Comment by thrance
Comment by thrance 3 days ago
Why would a larger supply stop private equity from buying it all?
Comment by thrance 3 days ago
Why would a larger supply stop private equity from buying it all?
Same reason anything else keeps getting built when the price drops. Builders are not investors. As the price drops the cost of acquiring new land to build on also drops. As long as a builder has a margin between land + construction cost, they will build.
A huge part of the cost of building a house right now is the excessive regulation. By deregulating we will be able to build houses for less money and so builders will be able to sell them for less money. In addition apartments and especially larger apartment buildings are straight up illegal in many areas even though demand is high. Legalizing these units which are much cheaper than SFHs would allow all housing prices to decrease as some of the people competing for SFHs instead buy a condo.
Because if you get zoning out of the way, we can keep building, and keep building, and keep building.
Let them keep buying. But if we build enough, they won't be able to rent it all out. Are they going to keep buying to control the rent-able supply forever? No, they'll run out of money before we run out of buildable land. (Maybe not before we run out of wood, shingles, and labor though...)
And then you're left with huge ghost towns, like that one place in Seattle. This seems like a terrible solution, although it might work. And let's not even talk about the environmental impact, it seems to be a taboo nowadays.
Why not just prevent private companies from buying homes they don't use, and force them to sell the ones they are currently holding?
Right, ghost towns owned by private equity. So I'm not crying. I agree about the environmental impact, though.

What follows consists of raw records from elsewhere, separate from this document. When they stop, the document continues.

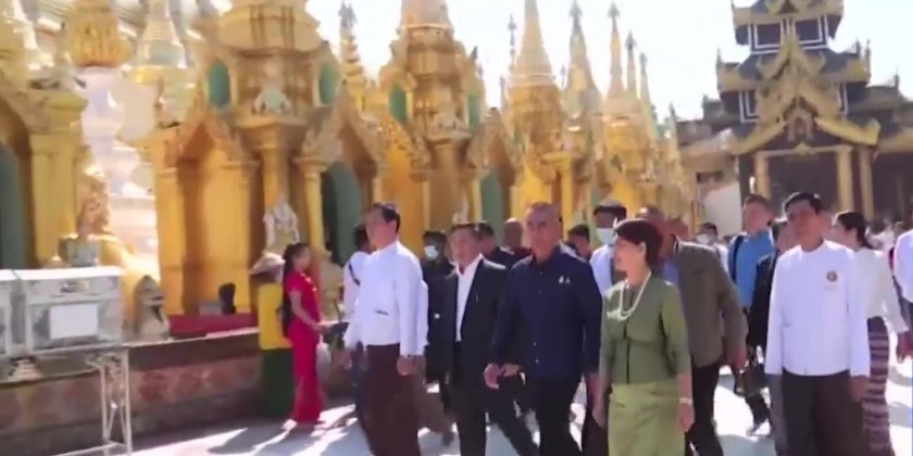 The Thai high-level delegation was seen off by Yangon Command Commander Maj-Gen Nyunt Win Swe and wife, senior military officers and wives, the military attachés of the Royal Thai Armed Forces (Army, Navy and Air) to Myanmar and wives, and officials. The high-level delegation paid homage to Shwedagon Pagoda and Chaukhtetkyee Pagoda where they made donations, and visited Bogyoke Aung San Market Saturday morning.
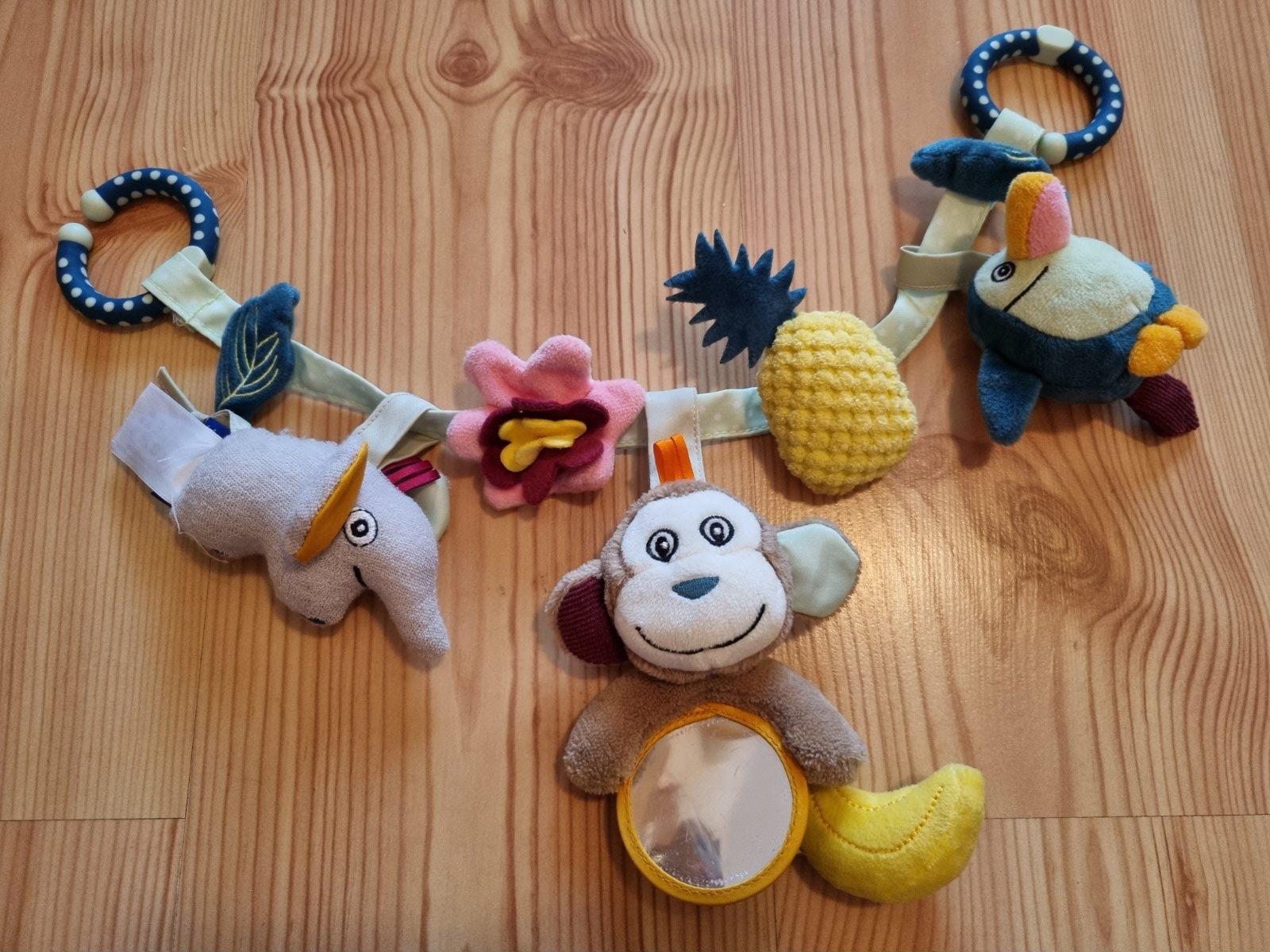 Ako nová, hračka na kočík alebo do vajíčka pre bábätko. Sú na nej zvieratká a zrkadielko, a v dvoch zvieratkách sú hrkálky.
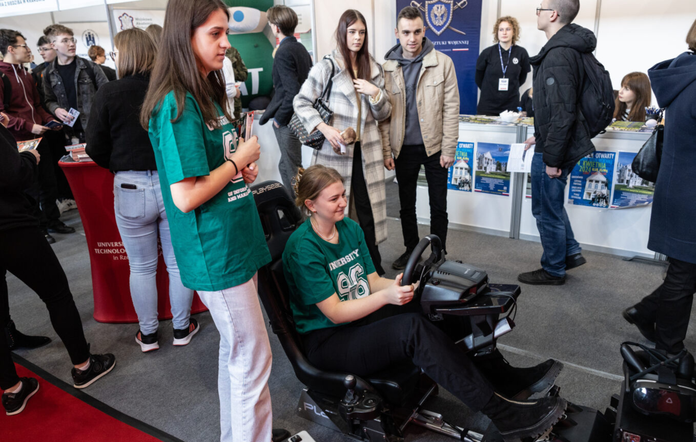 Значний інтерес в абітурієнтів викликав стенд з окулярами віртуальної реальності (VR), які дозволяють перенестися у цифровий простір, симулятор водіння вантажівок та процедура парафінотерапії рук. Таким чином, учні середніх шкіл знайомляться з Університетом інформаційних технологій і менеджменту в Жешуві та пропозиціями навчання. Освітній ярмарок Edu Salon проходив у «Halа Podpromie» 21-22 лютого.

"Prevent private companies from buying homes they don't use" is going to be a really hard sell legally. (Though, to be fair, changing zoning laws seems also to be a really hard sell...)
They already don't buy with cash, which is actually one of the only advantages of scale in real estate: big firms can borrow cash more cheaply.
If loads of housing is built and the price of housing starts dropping, firms won't want to invest in housing because they'll lose money. Unfortunately, a lot of politically active home owners also want to keep the price of housing from dropping so this is a harder thing for local governments to put into practice.